Let's just cut the crap. No one in this campaign--Obama, Biden, McCain, Palin--are suffering with the middle class. If any of them are drinking Coors Lights, it's because they have bad taste in beer.

4. The sky is falling!

This highlight is tangentially related to the debate, but it counts. If you've been paying any attention to media sources over the past few days, you'll have noticed an unsettling phenomenon. Banks are floundering. Stocks are down. The government is considering a really poorly conceived bail-out plan. These events are not what's unsettling me, though of course such economic upheaval is disconcerting. No, what's unsettling is that the media tells people to panic, so they do. Last week, Americans convinced their lawmakers in the House that Paulson's and Bernanke's bail-out plan is, to be nice, not very intelligent. Washington was floored by failure (you'd think they'd be used to it by now) and responded by saying, "But you're panicking, remember? You're really scared right now! Your mortgage, and your small business, and your 401K, and your little piece of the American free market dream! It's time to freak out, people!" So what do Americans do? They panic! They call into NPR and make asinine comments about how a bad plan is better than no plan at all. I suppose this is a corollary to the logic that attacking Saddam Hussein is better than not catching Osama bin Laden.

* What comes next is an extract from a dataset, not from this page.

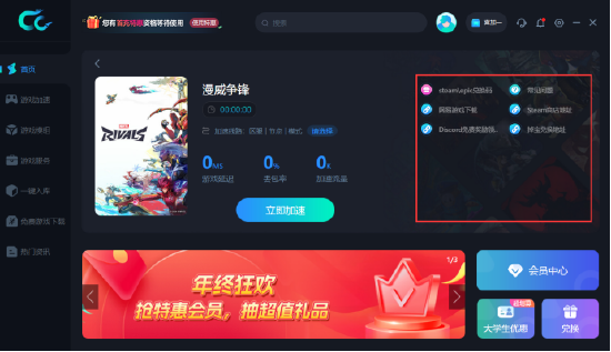 端游加速教程:打开CC加速器PC电脑版---搜索“漫威争锋“---点击【立即加速】

I'm reading Slaughterhouse 5 right now for the first time, and am struck by the narrator's apathy for political and emotional disaster. Death is always followed by "and so it goes," and unusual events by "and so on." I know that this is an ironic gesture by Vonnegaut, that beneath the casual prose is an ardent attack on war and America's master of the universe teleology. But is unsettles me nevertheless, because I suspect that that is how we live our lives.

The bail out plan passed Senate today. And so on.